[Items listed in a dataset]
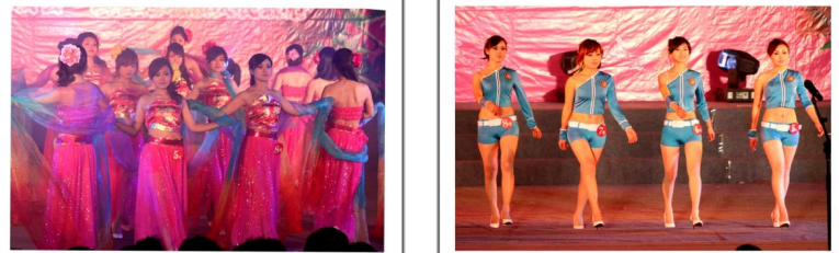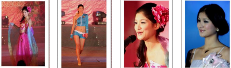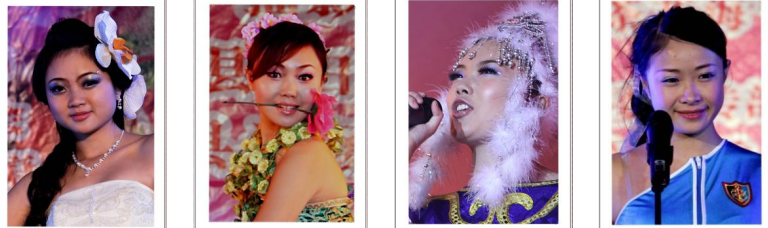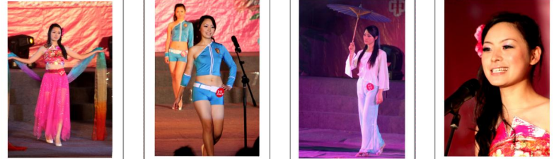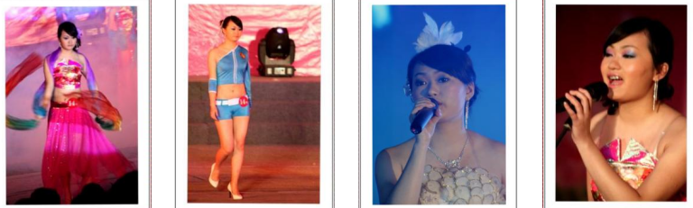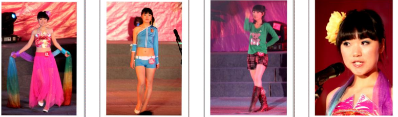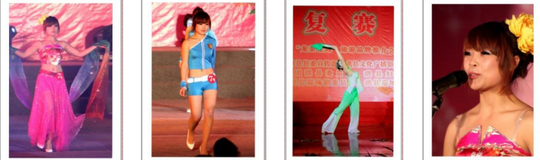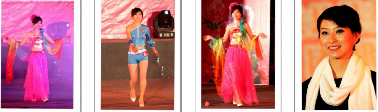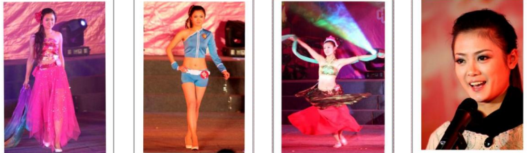 图(1)→主持人罗君(左)、谭丽莎(右); 图(2)→茶花仙子叶平(最佳聪慧) ;图(3)→茶花仙子程雪(最佳形象) ;图(4)→茶花仙子何蝉(最佳才艺) 。
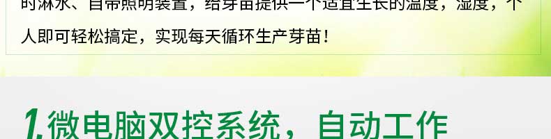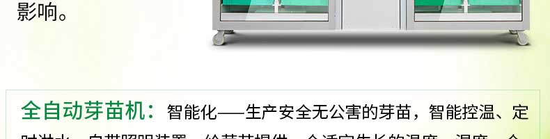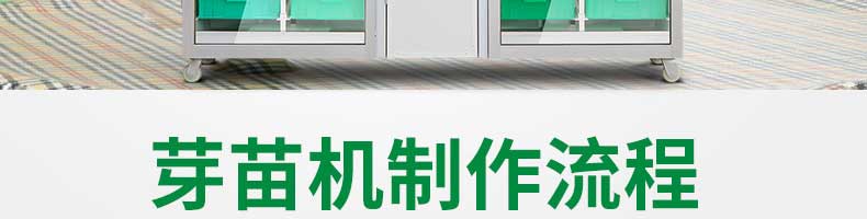 芽苗機系列,全自動芽苗機:智能化一生產安全無公害的芽苗,智能控溫、定時淋水、自帶照明裝置,給芽苗提供一個適宜生長的溫度,濕度,個人即可輕松搞定,實現每天循環(huán)生產芽苗!
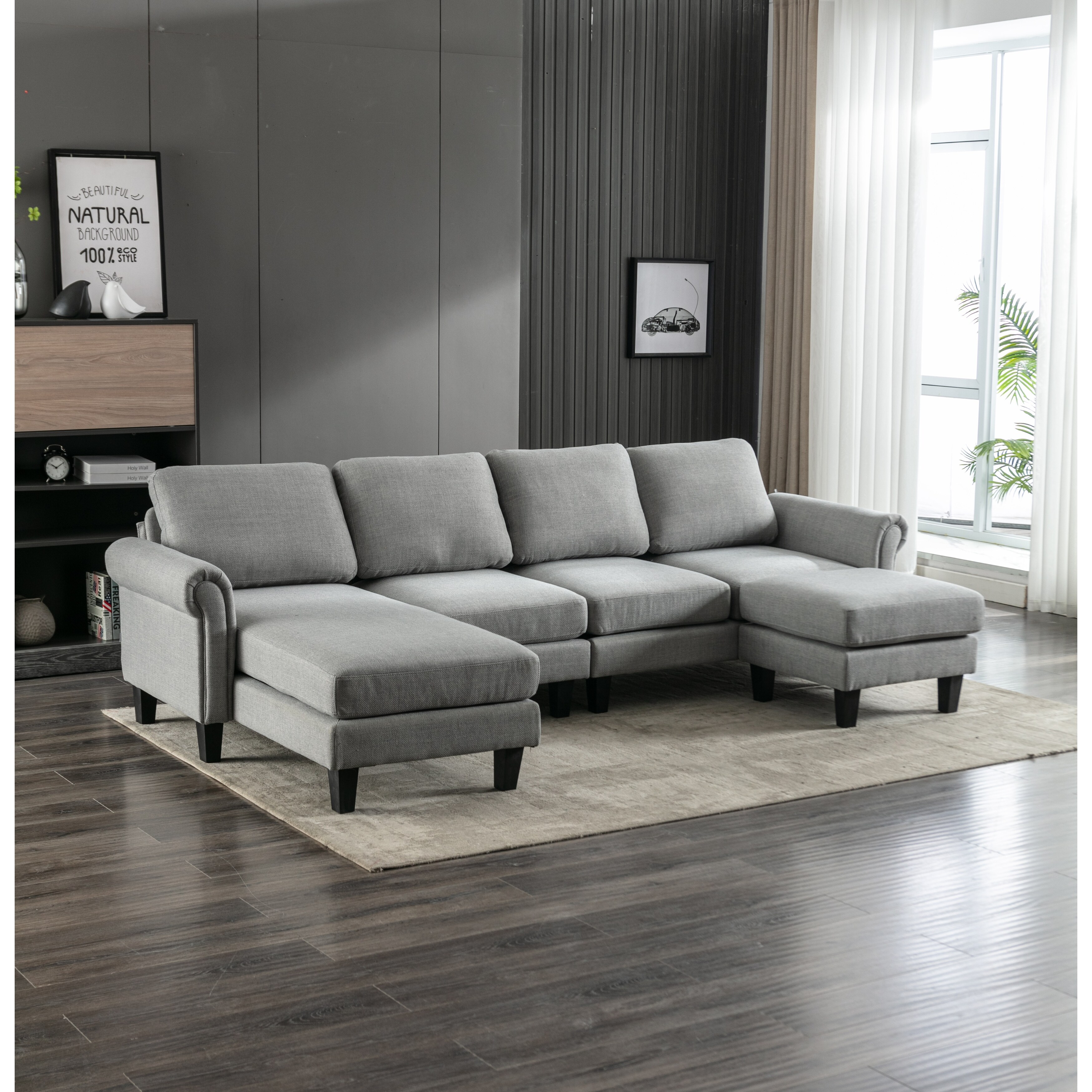 Bobkona Adolph Linen Left or Right Chaise Sectional Set
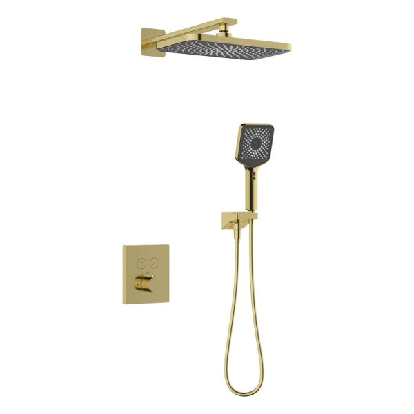 Душевая система KAISER Cube с термостатом (1-jet/стац. лейка 260х188) /Латунь /Шлифованное золото
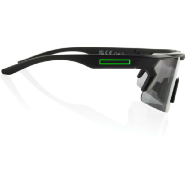 Поляризованные солнцезащитные очки спортивного дизайна с сертифицированной RCS оправой из переработанного поликарбоната. Общее содержание переработанных материалов: 65% от общего веса изделия. Сертификация RCS гарантирует полностью сертифицированную цепочку поставок переработанных материалов. Включая переработанный чехол RPET для хранения очков. Линзы поляризованные, что исключает отражение солнечного света, что делает их идеальными для занятий спортом и активного отдыха. Соответствуют EN ISO 12312-1, UV 400 и CAT 3. Упакованы в подарочную упаковку FSC®.
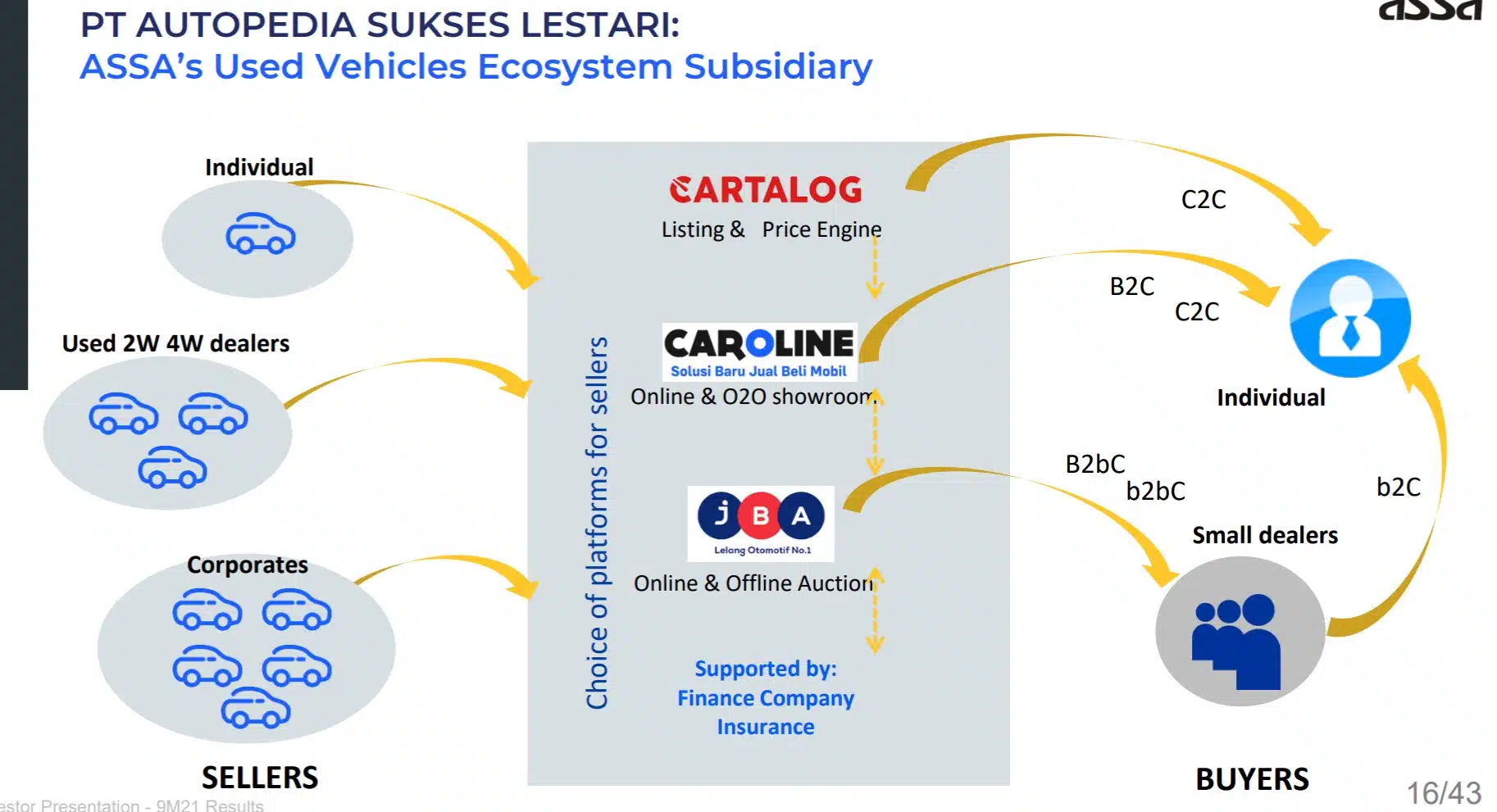 Bisnis ASSA yang juga terintegrasi dari bisnis pertama adalah Autopedia. Autopedia merupakan anak usaha dari ASSA, di mana bisnis Autopedia sendiri adalah fokus ke penjualan kendaraan bekas (secondhand vehicle). Penjualan kendaraan bekas ini dilakukan melalui berbagai channel; lelang (JBA, merupakan market leader di Indonesia), dan platform jual beli online (Caroline). Sebagai pelengkap, salah satu keunggulan dari ASSA adalah kepemilkan database yang besar dari penjualan kendaraan bekas, sehingga ASSA dapat meningkatkan kapabilitas dan teknologi (menggunakan artificial intelligence) untuk mengapresiasi harga kendaraan bekas. Jasa ini dikenal sebagai Cartalog.

**ACTIVITY:**
Begin at the line containing "芽苗機系列,全自動芽苗機:智" and write out every line to the end of the data exactly. Skip the pictures.

**ANSWER TO THIS EXERCISE:**
 芽苗機系列,全自動芽苗機:智能化一生產安全無公害的芽苗,智能控溫、定時淋水、自帶照明裝置,給芽苗提供一個適宜生長的溫度,濕度,個人即可輕松搞定,實現每天循環(huán)生產芽苗!
 Bobkona Adolph Linen Left or Right Chaise Sectional Set
 Душевая система KAISER Cube с термостатом (1-jet/стац. лейка 260х188) /Латунь /Шлифованное золото
 Поляризованные солнцезащитные очки спортивного дизайна с сертифицированной RCS оправой из переработанного поликарбоната. Общее содержание переработанных материалов: 65% от общего веса изделия. Сертификация RCS гарантирует полностью сертифицированную цепочку поставок переработанных материалов. Включая переработанный чехол RPET для хранения очков. Линзы поляризованные, что исключает отражение солнечного света, что делает их идеальными для занятий спортом и активного отдыха. Соответствуют EN ISO 12312-1, UV 400 и CAT 3. Упакованы в подарочную упаковку FSC®.
 Bisnis ASSA yang juga terintegrasi dari bisnis pertama adalah Autopedia. Autopedia merupakan anak usaha dari ASSA, di mana bisnis Autopedia sendiri adalah fokus ke penjualan kendaraan bekas (secondhand vehicle). Penjualan kendaraan bekas ini dilakukan melalui berbagai channel; lelang (JBA, merupakan market leader di Indonesia), dan platform jual beli online (Caroline). Sebagai pelengkap, salah satu keunggulan dari ASSA adalah kepemilkan database yang besar dari penjualan kendaraan bekas, sehingga ASSA dapat meningkatkan kapabilitas dan teknologi (menggunakan artificial intelligence) untuk mengapresiasi harga kendaraan bekas. Jasa ini dikenal sebagai Cartalog.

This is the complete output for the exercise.